Q&A 23 How do you apply cross-validation strategies to evaluate model reliability?
23.1 Explanation
Cross-validation (CV) is critical for evaluating how well a machine learning model generalizes to unseen data. It reduces the risk of overfitting by testing the model on multiple train/test splits.
Common CV strategies: - k-Fold: Split into k subsets, rotate test set - Repeated k-Fold: More robust by repeating k-fold several times - Stratified k-Fold: Ensures balanced class distribution in folds
This Q&A shows how to apply CV in Python and R using common microbiome classifiers.
23.2 Python Code
import pandas as pd
from sklearn.ensemble import RandomForestClassifier
from sklearn.model_selection import cross_val_score, StratifiedKFold
# Load and prepare data
otu_df = pd.read_csv("data/otu_table_filtered.tsv", sep="\t", index_col=0).T
meta_df = pd.read_csv("data/sample_metadata.tsv", sep="\t")
data = pd.merge(otu_df, meta_df, left_index=True, right_on="sample_id")
X = data[otu_df.columns]
y = data["group"].map({"Control": 0, "Treatment": 1})
# Define CV strategy
cv = StratifiedKFold(n_splits=5, shuffle=True, random_state=42)

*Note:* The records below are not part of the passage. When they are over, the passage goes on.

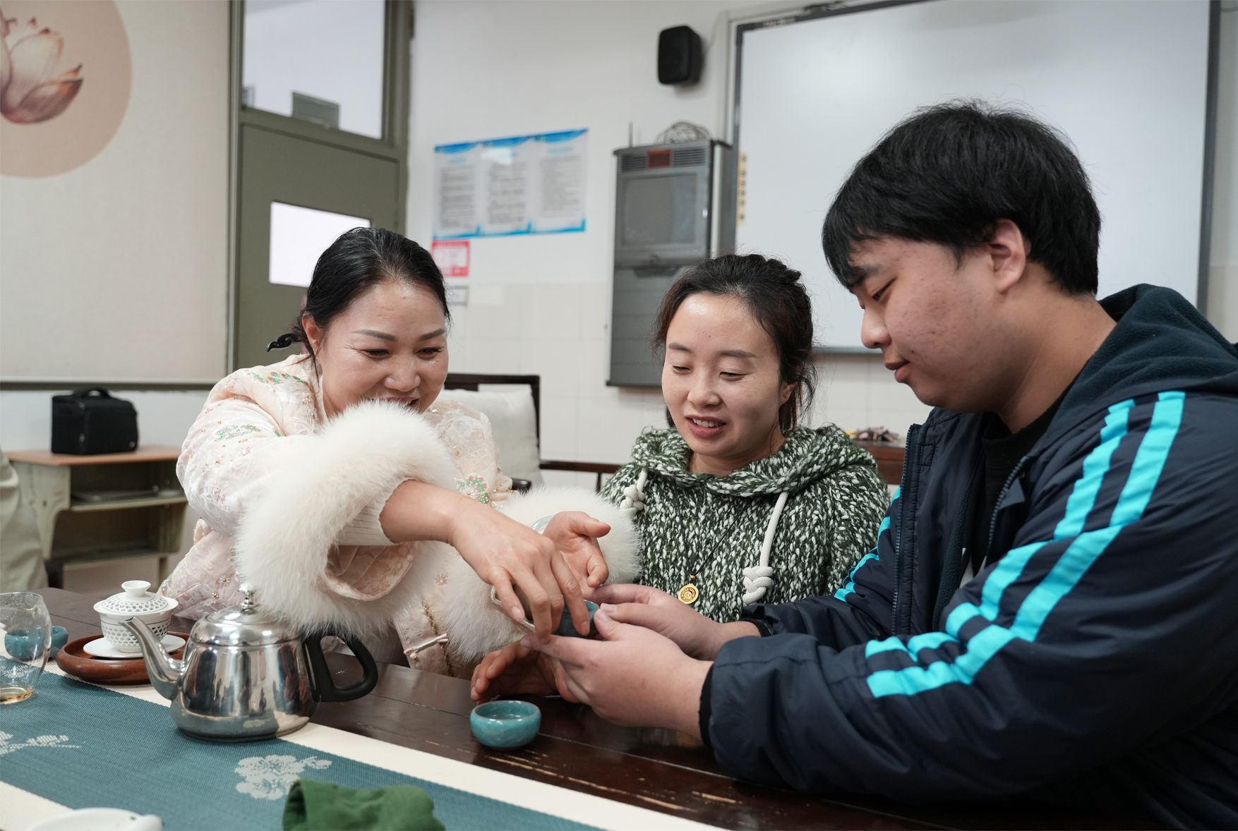 活动中,各专业学生展现出扎实的专业素养:母婴照护专业学生示范婴儿抚触技巧,智慧健康养老服务专业学生讲解老年护理要点,旅游服务与管理专业的学生呈现茶艺文化之美,幼儿保育专业学生则通过衍纸手工和键盘联弹,在艺术互动中传递温情。学生成为真正的“榜样”,在传授中巩固技能,实现价值;家长在参与中见证成长,收获自豪。
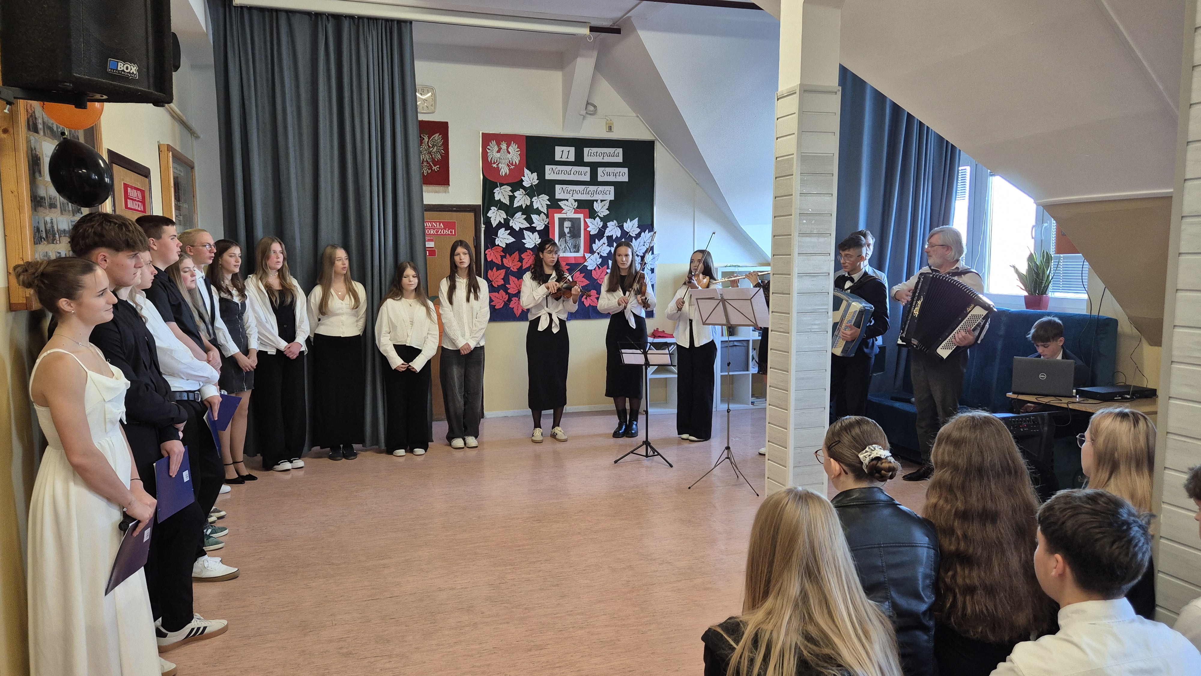 Uroczyste obchody Święta Niepodległości rozpoczęliśmy 7 listopada o godzinie 11.11 odśpiewaniem Hymnu Polskiego. W dalszej części młodzież przybliżyła drogę Polski do niepodległości. Całość przeplatana była pieśniami patriotycznymi w wykonaniu uczniów klasy pierwszej.
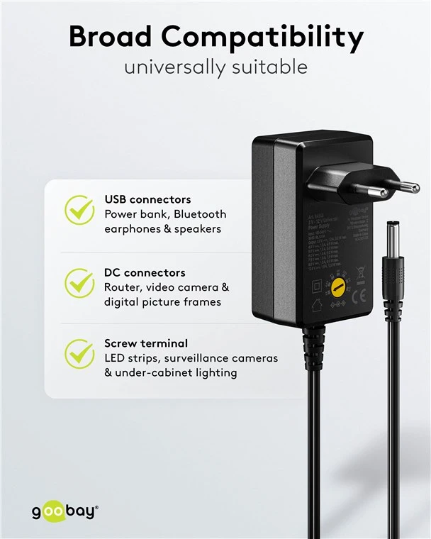 The Goobay 64568 Universal Power Supply is designed for charging and powering a wide range of electrical devices.
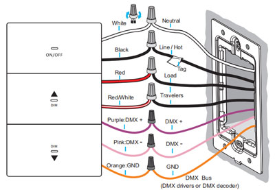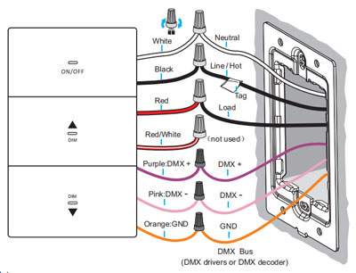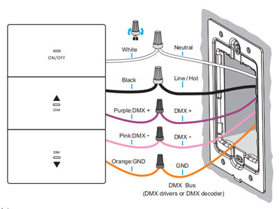 New upgraded DMX wall dimmer with DMX output signal. This three-button white plastic housing dimmer operates like any standard household light switch. It operates independently and does not require address setting. It is ready for use after installation.
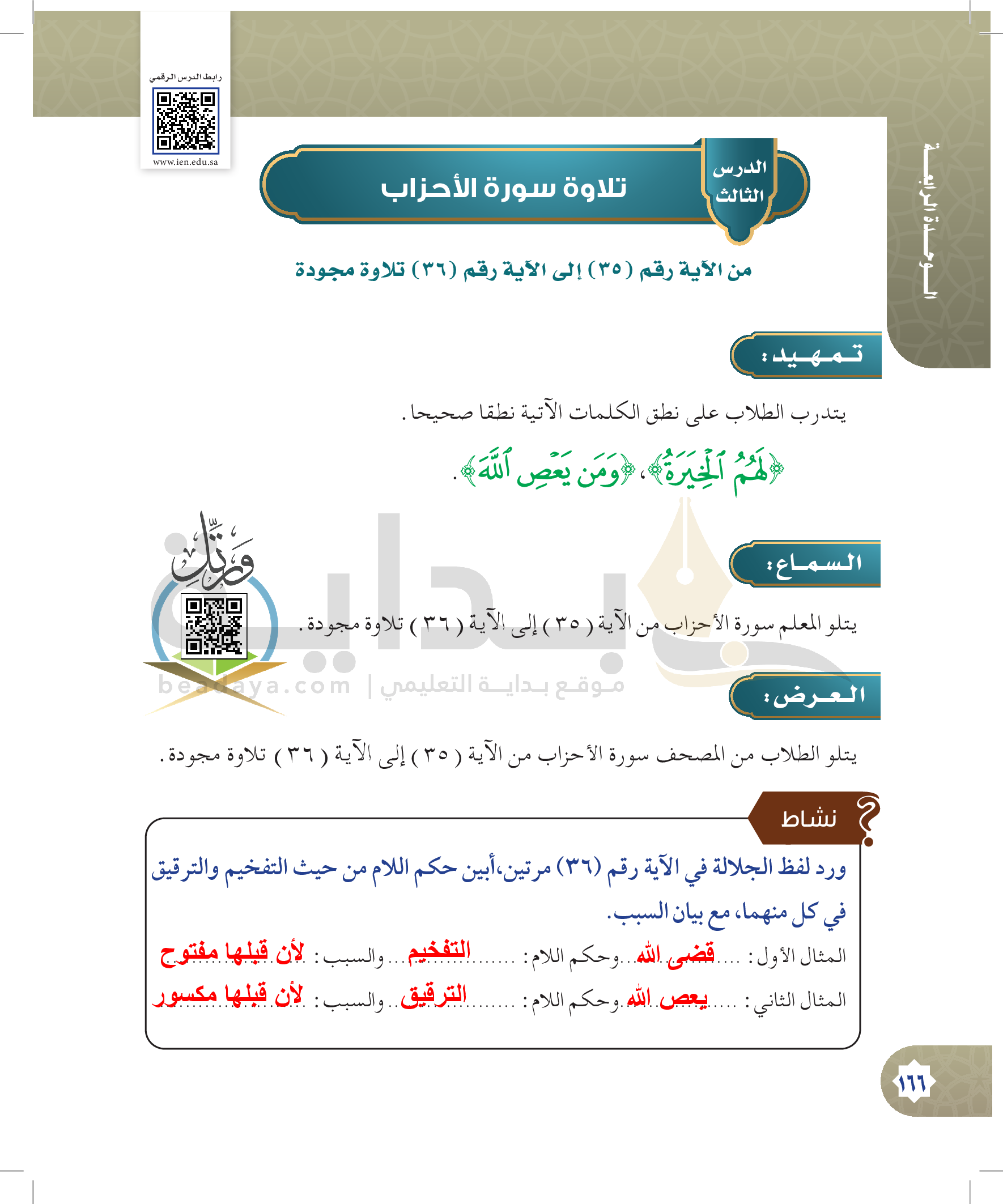 حل درس تلاوة سورة الأحزاب من الآية (35) الى الآية (36) تلاوة مجودة
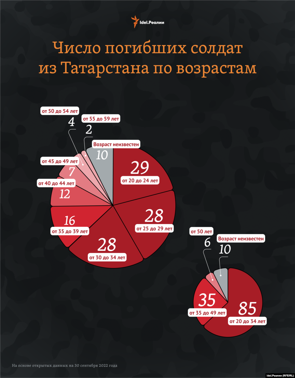 62,5% погибших на войне с Украиной татарстанцев были в возрасте от 20 до 34 лет

# Evaluate Random Forest using cross-validation
model = RandomForestClassifier(random_state=42)
scores = cross_val_score(model, X, y, cv=cv, scoring="accuracy")
print("Cross-Validation Accuracy Scores:", scores)
print("Mean Accuracy:", scores.mean())
23.3 R Code (caret with repeated k-fold CV)
library(tidyverse)
library(caret)
otu_df <- read.delim("data/otu_table_filtered.tsv", row.names = 1)
meta_df <- read.delim("data/sample_metadata.tsv")
otu_df <- otu_df[, meta_df$sample_id]
otu_df <- t(otu_df)
data <- cbind(as.data.frame(otu_df), group = as.factor(meta_df$group))
# Define CV control
ctrl <- trainControl(method = "repeatedcv", number = 5, repeats = 3)
# Train with CV
set.seed(42)
cv_model <- train(group ~ ., data = data, method = "rf", trControl = ctrl)
# Results
print(cv_model)
Random Forest
10 samples
50 predictors
2 classes: 'Control', 'Treatment'
No pre-processing
Resampling: Cross-Validated (5 fold, repeated 3 times)
Summary of sample sizes: 8, 8, 8, 8, 8, 8, ...
Resampling results across tuning parameters:
mtry Accuracy Kappa
2 0.2333333 -0.5333333
26 0.4000000 -0.2000000
50 0.4000000 -0.2000000
Accuracy was used to select the optimal model using the largest value.
The final value used for the model was mtry = 26.